In any case, the mathematical activity, whether at the moment of understanding complex phenomena (infinity / infinities, the structure underlying quantum, the structure of world music, the fundamental symmetry underlying quasicrystals, to name a few examples that I like) that is to say, when inventing theories (or strange examples or topologies) is at the crossroads of human creativity.

Staying creative is never easy: it requires (as those who write poetry or novels perfectly, those who compose or invent theatrical scripts, those who make movies) a very rare combination of very hard work, which sometimes does not seem very creative on the surface, with a certain sensitivity to not let go of the creative moment when one finally generates it (or arrives). Make variations on themes from other composers, variations on one's own work, invent different ways of approaching… formal exercises many times, but suddenly, like when a cloud dissipates and a ray of light illuminates the snowy summit of some mountain and the perfect photo remains (even if it is only in the mind of those who see it), they allow you to create something new. That rare and difficult moment is part of what keeps activity for years in something like mathematics.

Look

 

The word theory, central in mathematics, has the Greek root theōros, the one who looks, the viewer. Theoria originally meant show, what is seen, what is seen. Mathematics is also a way of looking, a way of contemplating.

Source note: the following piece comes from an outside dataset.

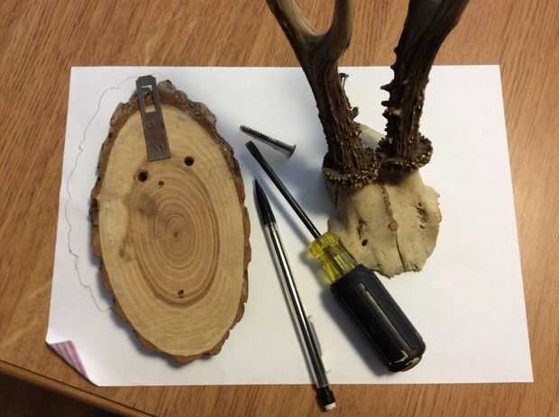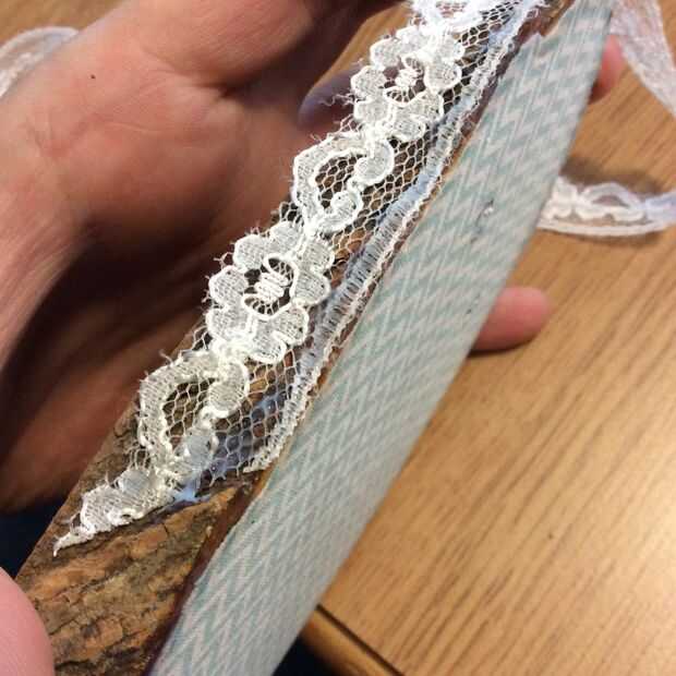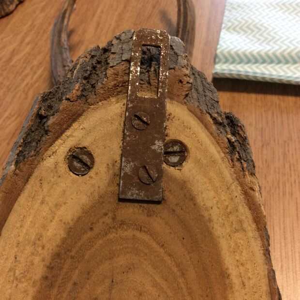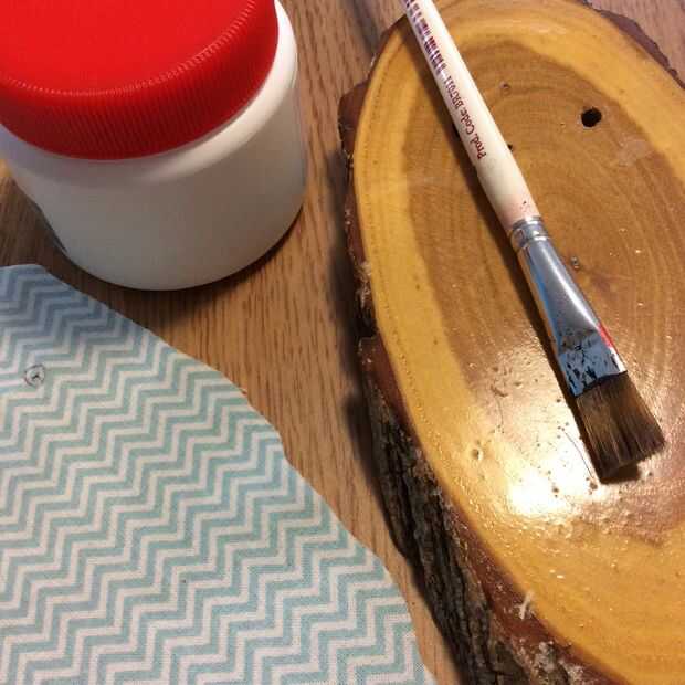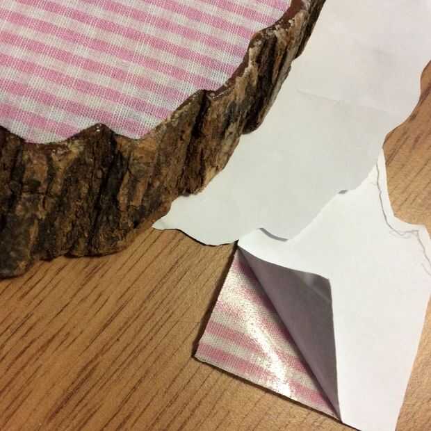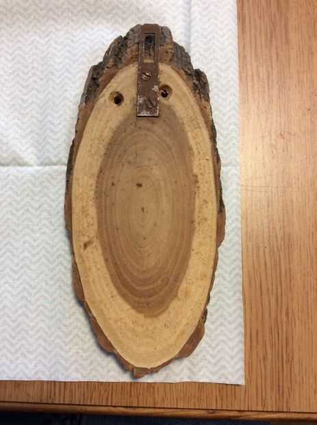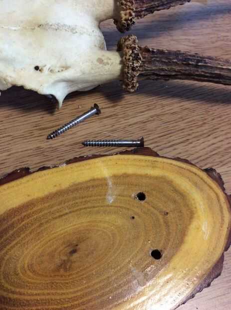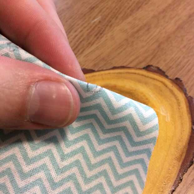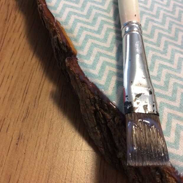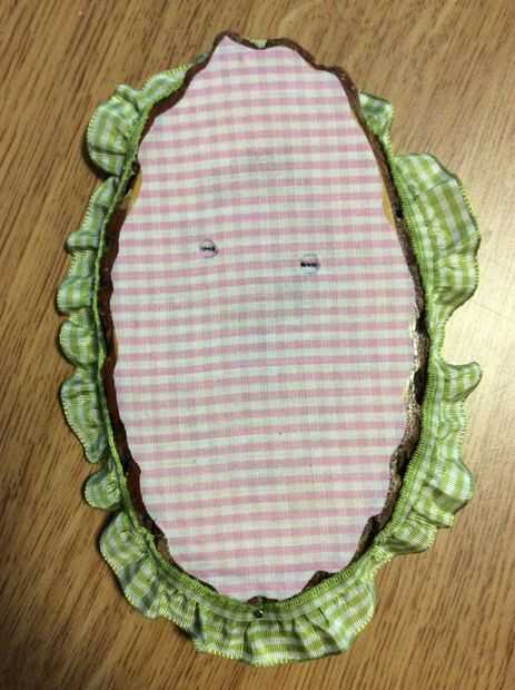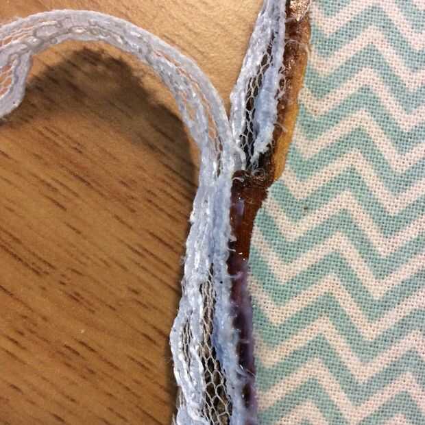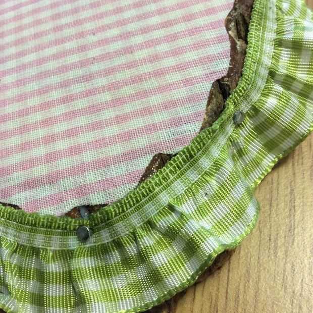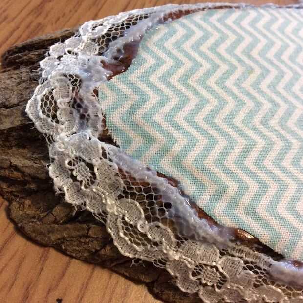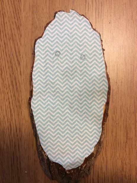 Remove the screws that hold the wood and skull together. Trazar la cara de la madera en la parte posterior de la tela para que cuando se aplica a la cara de la madera. Hacer pequeños cortes donde vendrá a través de los tornillos y cortar aproximadamente 1/8 de pulgada dentro de su línea de traza para dejar espacio para la corteza. Usé un pincel plano para recubrir la madera con algunos modge podge. La tela aplica pegamento extra alrededor de los bordes para evitar que se deshilache. Pude usar modge podge para la delicada cinta pero la otra cinta tenía elástico y había utilizo algunos clavos tachuela para mantenerlo en su lugar.

The part of the math I ended up working on is called model theory - "models" are structures (for example, reals with sum, product, and order or a parquet and its dubis or some Hilbert space in physics quantum - they can be infinitely varied structures). The "theory" side could actually be written in the plural: we have as many theories as we can imagine sets of formulas, sets of sentences. It is a way of seeing the world ... or at least a way of looking, of contemplating certain structures that are there, before our eyes that are almost always covered.

Being able to contemplate the world with the lens (or prism) of mathematics, which one patiently polishes and must reconstruct every day, is a very peculiar human activity.

Curiously, learning to contemplate mathematically ends up teaching one a certain resistance, a certain way of contemplating at the same time happily enthusiastic and seriously doubtful.

The opening of the day, the dawn of the first light, coexists with the sunset, with the resistant and hard twilight. Alba and twilight are constantly intertwined in mathematics.